Assuming the end goal is to produce an accurate classifier (where the definition of accuracy is again, problem dependent), in what situations is it better to perform model selection using a proper scoring rule as opposed to something improper, like accuracy, precision, recall, etc? Furthermore, let's ignore issues of model complexity and assume a priori we consider all the models equally likely.
Previously I would have said never. We know, in a formal sense, classification is an easier problem than regression [1], [2] and we can derive tighter bounds for the former than the later ($*$). Furthermore, there are cases when trying to accurately match probabilities can result in incorrect decision boundaries or overfitting. However, based on the conversation here and the voting pattern of the community in regards to such issues, I've been questioning this view.
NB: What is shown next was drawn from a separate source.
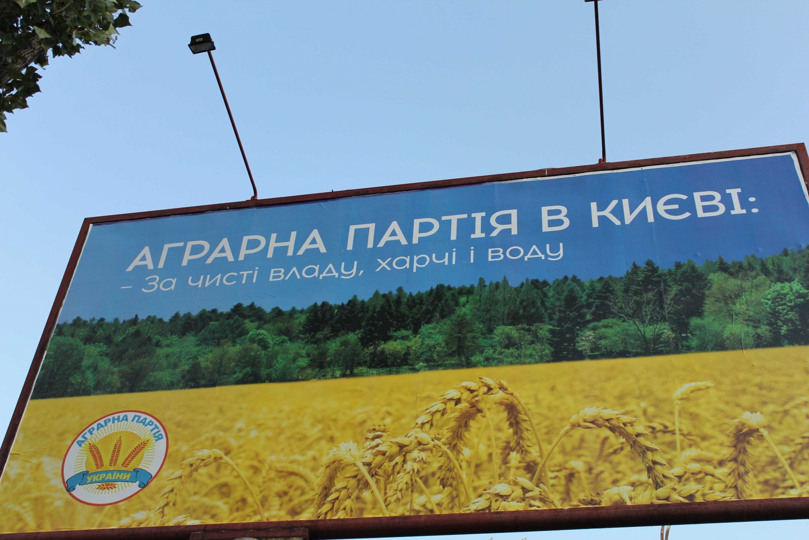 И — напоследок прямо противоположный пример: очень известное и достаточно позитивно воспринимаемое название партии, вполне уместные лозунги, привязывающие общенациональную политическую силу к локальной столичной избирательной кампании. Но, одновременно, полная смысловая неуместность Аграрной партии в столичном мегаполисе — на уровне раввина стоящего на молебне в Печерской Лавре.

- Devroye, Luc. A probabilistic theory of pattern recognition. Vol. 31. springer, 1996., Section 6.7
- Kearns, Michael J., and Robert E. Schapire. Efficient distribution-free learning of probabilistic concepts. Foundations of Computer Science, 1990. Proceedings., 31st Annual Symposium on. IEEE, 1990.
$(*)$ This statement might be a little sloppy. I specifically mean that given labeled data of the form $S = \{(x_1, y_1), \ldots, (x_n, y_n)\}$ with $x_i \in \mathcal{X}$ and $y_i \in \{1, \ldots, K\}$, it seems to be easier to estimate a decision boundary than accurately estimate conditional probabilities.